According to the trend and technology expert publisher Visual Capitalist, 2.5 exabytes of data are generated every day, that is, about 12.5 billion pages of text. The volume is difficult to understand for the dimensions that our brain handles: every minute 500 hours of videos are uploaded to YouTube, 350.000 Instagram stories are created and more than 41 million WhatsApp messages are sent.
But not only in social networks and on the internet this data is being generated: companies, through their transactional systems, software tools for production management, customer experience applications or internet of things’ sensors, to cite just a set of examples, contribute to this tide.
Those who are able to understand such data, that is, identify what can be useful, compare it, analyze it and draw valid conclusions from it, have in their hands the ability to take their business to the next level.

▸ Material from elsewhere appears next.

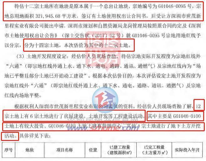从公布的评估报告显示,这次法拍的12宗土地出自2017年239亿拿下的龙岗G01046-0095商业用地,总用地面积有321945.68平方米。该地被分为14宗地,此次法拍的为其中的12宗地。

To handle this complex framework, manage multiple types of data from a wide variety of sources and store it in a centralized repository (including both structured and unstructured or semi-structured) there is the concept of a data lake.
Schema on read
A data lake is a more agile and flexible data storage and analysis solution than traditional repositories. It is characterized by preserving raw data in a flat architecture, unlike data warehouses, which use folders and files to configure a hierarchical structure.
They are only transformed at the time they are going to be used, in an approach known as schema on read. There is no predefined scheme in which the data must be previously embedded: it is analyzed and adapted to the most convenient format at the time of reading. In a data warehouse the ‘’schema on write’’ model is used, schematization during writing.

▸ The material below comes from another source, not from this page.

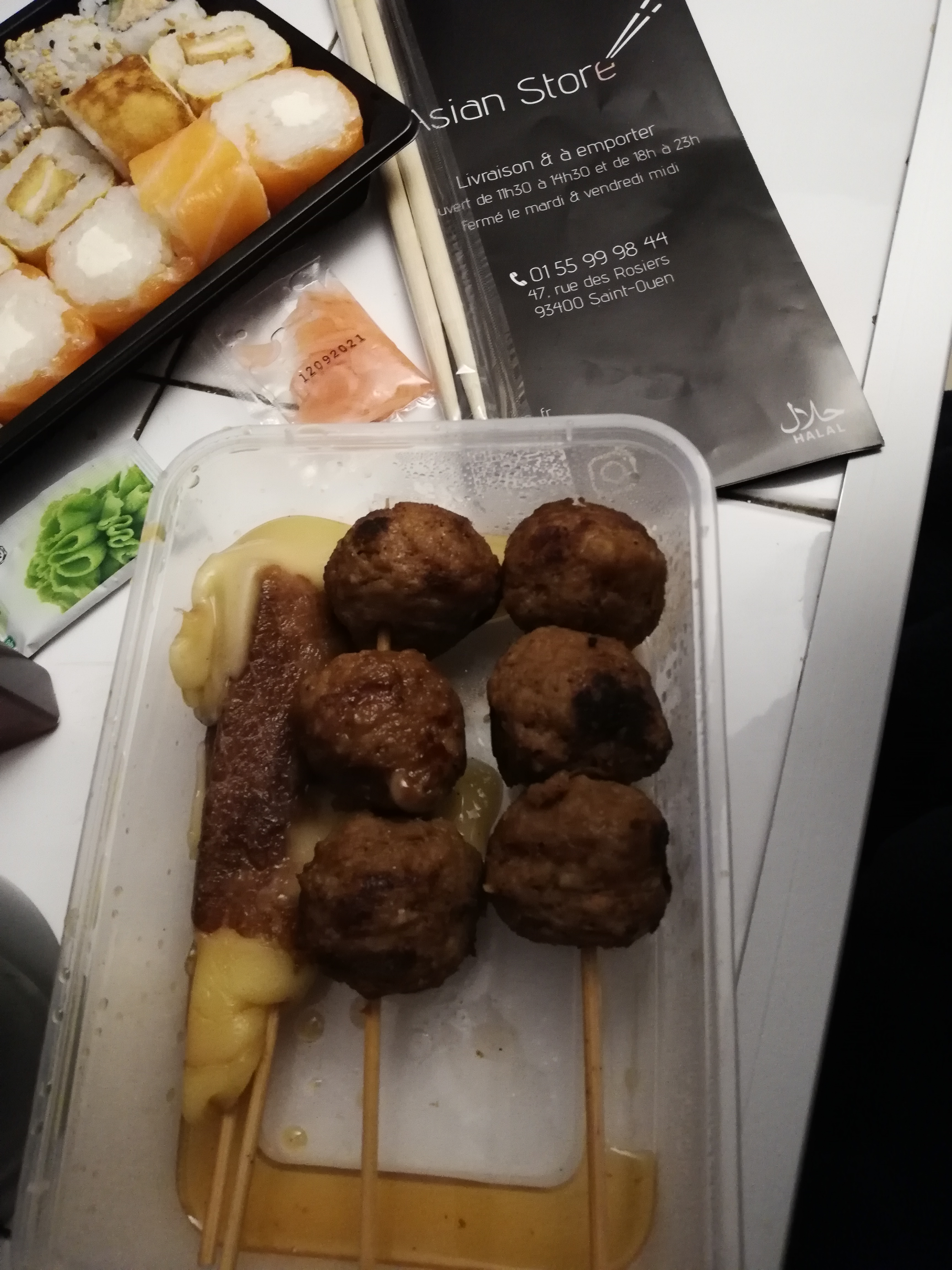 Pour ce qui est des sushi c était plutot bon mais j'ai aussi commandé des brochettes poulet bœuf et bœuf fromage et le goût de toutes les brochettes n'était vraiment pas bon malheureusement et c'est une fana des brochettes qui témoigne

Compared to a data warehouse, a data lake holds all data – even data that is useless today, but might at one time or another. This means a huge saving of effort in terms of data profiling and in decision making. In addition, when data is not used it can be excluded from the warehouse to save storage costs, which implies a new effort that is not necessary when working with data lake.
Unique identifiers
Each element in the data lake has a unique identifier and is tagged from a set of extended metadata. Therefore, each time a business problem needs to be solved, all related data can be retrieved from the data lake for focused analysis on that subset.
Thus, for example, if the company needs to perform an analysis of its customers’ feelings on social networks or a credit risk assessment of a person applying for a bank loan, data lake will retrieve only the data that is tagged in such a way that they are unequivocally related with that request.
Data lake benefits
Data lake benefits include the ability to combine and process disparate data sources and the ability to make essential data available, exactly when it is needed, in the hands of those who need it, while maintaining very high standards. of security. Another distinctive advantage is speed: the data lake architecture enables immediate access to data.
When implementing a data lake, it is important to first define a strategic vision so that it is fully aligned with the needs of the business.
It will be necessary to define the architecture and the technological platform: in general, hardware clusters of economic consumption and high levels of scalability are used, to be able to dump data without having to worry about the capacity storage. In this sense, solutions such as Plug & Play Data Lake stand out, which provide all instances, from the storage points to the centralized query console, to facilitate the implementation and use of the data lake.
Ultimately, data lake is the ideal solution to find the really relevant data for businesses, to be able to share it in a collaborative way and to reuse it as many times as necessary. In other words, it is the key to understanding, from a data perspective, the world we live in.